I looked into this - we do get some terms from pubchem, but we don't use the user-deposited synonyms. In the past we have found them way too messy and error prone, so we took them out. I'm certainly interested in the MolePro synonym list, but also it'll take a while to get that incorporated, so it makes sense in my mind to work with Bill directly.

bill-baumgartner commented 1 year ago

I share your concerns regarding user-submitted synonyms, Chris. @sandrine-m, do you know if there are synonym sources that we might trust more than others; for instance, would it be sufficient to import just the Broad IDs?

@sandrine-m - If MolePro can provide a file that maps from some canonical identifier to synonyms, then we can begin to incorporate these synonyms into our NLP pipelines. It would be nice to evaluate this change somehow, so perhaps we can think about how best to do that as well. Let me know how you'd like to proceed. Thanks.

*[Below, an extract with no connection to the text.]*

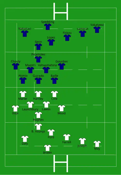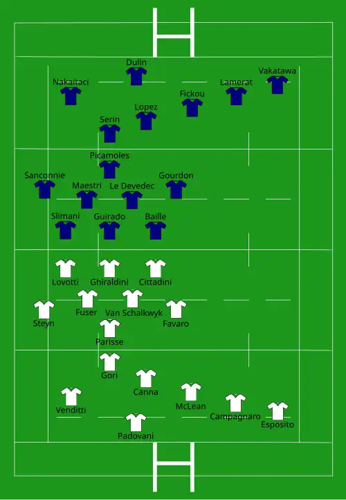 | Try: Parisse 2' m Esposito 80' c Con: Canna (1/2) 80' Pen: Canna (2/2) 16', 27' | Report | Try: Fickou 20' c Vakatawa 47' c Picamoles 66' c Dulin 76' c Con: Lopez (4/4) 21', 48', 71', 77' Pen: Lopez (4/4) 8', 18', 33', 42' |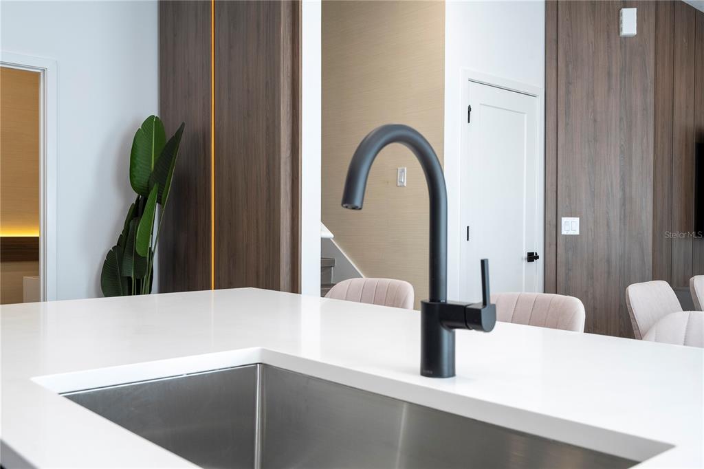 The kitchen is a showstopper with two oversized islands, Level 5 quartz countertops, designer backsplash, slatted wood detail, and Whirlpool stainless steel appliances. All cabinetry throughout the home includes soft-close features and matte hardware for a sleek, modern finish.

sandrine-m commented 1 year ago

@bill-baumgartner I will double check with Vlado but I believe what we have is a curated list. It contains as well manually corrected compound structures where they were incorrectly entered. I'll keep you posted. Thank you all!

sierra-moxon commented 1 year ago

@vdancik @sandrine-m - do we have a list that @bill-baumgartner can use from MolePro?

sierra-moxon commented 1 year ago

from TAQA: list is coming in the next MolePro release.

sierra-moxon commented 1 year ago

Hi @sandrine-m - is the next release of MolePro out? :) Can we close this or pass it on?

sandrine-m commented 1 year ago

Hi @sierra-moxon I do not think so, I'll let @vdancik confirm

sstemann commented 7 months ago

i ran this query via ARS Test and received results. @sandrine-m can you take a look?

https://arax.ncats.io/?r=0781b532-5d31-4905-8da5-02b6bc20fbdf


{
  "edges": {
    "e00": {
      "object": "n01",
      "predicates": [
        "biolink:related_to"
      ],
      "subject": "n00"
    }
  },
  "nodes": {
    "n00": {
      "categories": [
        "biolink:SmallMolecule"
      ],
      "ids": [
        "CHEMBL.COMPOUND:CHEMBL1881825"
      ]
    },
    "n01": {
      "categories": [
        "biolink:NamedThing"
      ]
    }
  }
}
sierra-moxon commented 4 months ago

closing as completed; please reopen if necessary.